# 4 yr old black female in CT



## rokanhaus (Mar 20, 2006)

I am her breeder. "Apache" is a wonderful medium size black spayed female. She has lived her life very much like the dog on the Tractor supply commercials, on the farm, working all day long. 

She is good with livestock, knows all about electric fencing, good off leash obedience, crate trained, housebroken, excellent health.

Confident, happy, social, a very easy "go with the flow" personality.

Owners tearfully returned her due to booming non profit farm business which equated into many unannounced non dog savy visitors who were innocently frightened of her typical GSD greeting.." woof woof, who are you and what are you doing here?!"

Not good with cats and other little critters, one of her jobs was to keep the acres of vegetables critter free. She is good with male dogs.

Contact me for more information. She has a gorgeous head! Will post photos soon.

tattoo'ed, microchipped, up to date all shots. AKC limited registration and USA/SV pink papers supplied.


----------



## allieg (Nov 4, 2008)

That's a shame I hope you can place her in another loving home.


----------



## rokanhaus (Mar 20, 2006)

It is sad, but I am confident she is very adaptable. Just had her outside, she is sooo STRONG and fit...wow!! Hoping someone here might know someone who might like to benefit from someone else's misfortune.....


----------



## rockhead (Jul 8, 2007)

You have PM


----------



## rokanhaus (Mar 20, 2006)

uhm...no I don't....try again, or email me at [email protected].


----------



## rockhead (Jul 8, 2007)

e-mail sent


----------



## rokanhaus (Mar 20, 2006)

Photos from this morning....she is a bit hefty, her head will look even bigger once she has her waistline....


----------



## GSDBESTK9 (Mar 26, 2002)

She is just stunning Kandi!


----------



## rokanhaus (Mar 20, 2006)

She is!! For anyone who knows pedigrees, she is also a Fero granddaughter...her mom was one of the last remaining Fero daughters. Apache has a brother who is a NY State K9, and a sister titled in Schutzhund.


----------



## BlackGSD (Jan 4, 2005)

> Originally Posted By: GSDBESTK9She is just stunning Kandi!


----------



## angelaw (Dec 14, 2001)

Is she a non-urgent rescue or is she for sale? I ask as she's on your for sale page and I don't want people to get the wrong idea.


----------



## rokanhaus (Mar 20, 2006)

She is for adoption....no price for her...just a good home. I never put "free" or a price on the dogs I have available on my web site...


----------



## RebelGSD (Mar 20, 2008)

Wow! Beautiful girl!


----------



## bigskyfarm (Mar 1, 2009)

Kandi
She is beautiful!! is she ok with small dogs? 
Carla
http://www.bigskyfarm.com


----------



## rokanhaus (Mar 20, 2006)

hmm...good question! let me take Hubby's Papillon out of the crate!!


( time passes....)

ok...little white fluffy dog flies past her nose...at first flying inspection she thinks it is "prey"...

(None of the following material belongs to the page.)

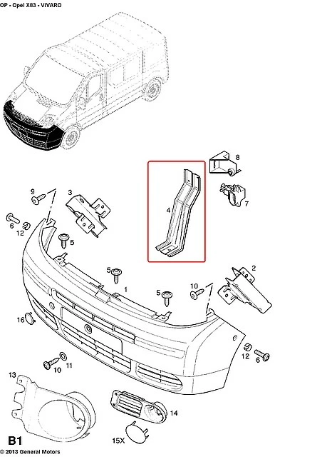 Планка бампера на Renault Trafic 2001->2006 — OPEL (Оригинал) - 4408408 / 8200005091 / 91165574
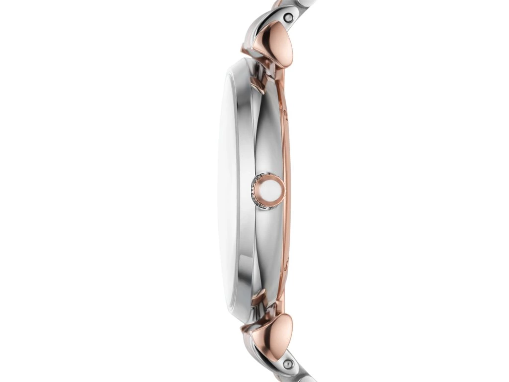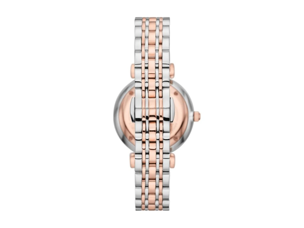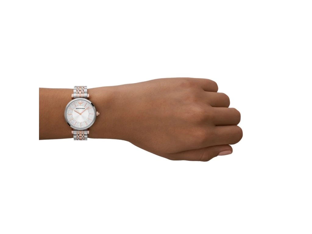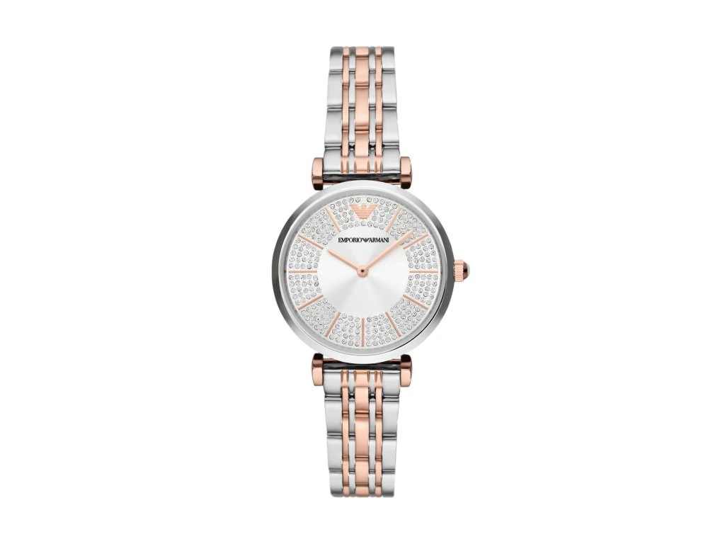 The stylish two-tone bracelet and silver dial with delicate crystals form a harmonious whole that looks sleek, yet unmistakable. The watch embodies the best of Giorgio Armani's fashion vision – timeless beauty with an overlap into contemporary style.

Upon closer examination and full sniff...yes, she is fine with little dogs...she just needs a well supervised introduction to determine it's species.


----------



## windwalker718 (Oct 9, 2008)

LMAO... glad it turned out that way... would have been a bad edit if not...

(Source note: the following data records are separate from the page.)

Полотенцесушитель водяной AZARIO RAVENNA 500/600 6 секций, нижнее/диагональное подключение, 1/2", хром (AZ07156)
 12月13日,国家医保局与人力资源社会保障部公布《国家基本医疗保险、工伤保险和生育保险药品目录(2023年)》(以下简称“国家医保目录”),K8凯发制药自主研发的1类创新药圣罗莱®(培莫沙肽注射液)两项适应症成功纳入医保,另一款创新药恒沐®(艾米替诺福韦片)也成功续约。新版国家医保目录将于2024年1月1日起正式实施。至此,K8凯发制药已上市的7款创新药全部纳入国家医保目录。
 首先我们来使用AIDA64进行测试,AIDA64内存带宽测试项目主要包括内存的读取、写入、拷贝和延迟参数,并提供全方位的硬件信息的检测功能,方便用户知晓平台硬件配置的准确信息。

" *vaccums up left over Papillion fur* nope, not good with small dogs, prefers them with A1"

( Just joking folks.. it's 3:30 in the mornin' an' I'm a lil bit punchy! )


----------



## windwalker718 (Oct 9, 2008)

LMAO... glad it turned out that way... would have been a bad edit if not...

" *vaccums up left over Papillion fur* nope, not good with small dogs, prefers them with A1"

( Just joking folks.. it's 3:30 in the mornin' an' I'm a lil bit punchy! )


----------



## rokanhaus (Mar 20, 2006)

Yes, Hubby was freaking out a bit..but I told him I have to know!! LMAO.

I had a feeling she would be ok, as her previous owner said she was, and she has met the Pap through the crate and showed little interest. But just needed to see for myself!

Now, where is that neighbor's kid???...just kidding!!


----------



## JakodaCD OA (May 14, 2000)

kandi you are to funny LOL...my sister has two paps,,one is a stuck up snobby boy,,the other (get this) his name is "pee-aire",,she wanted everyone to remember his name LOL...anyhow "P" is around 8mths old LOVES Masi the lug,,,they love each other! 

My sister has a panic attack everytime we are together,,since this boy is her future agility star and god forbid if masi's breaks one of his legs)) They are a hoot to watch together..I can just imagine your husband's face LOL


----------



## rokanhaus (Mar 20, 2006)

Good news!! My brother wants her!! Let's keep our paws crossed it all works out!!


----------



## rockhead (Jul 8, 2007)

Good job, Kandi... I hope all goes well.


----------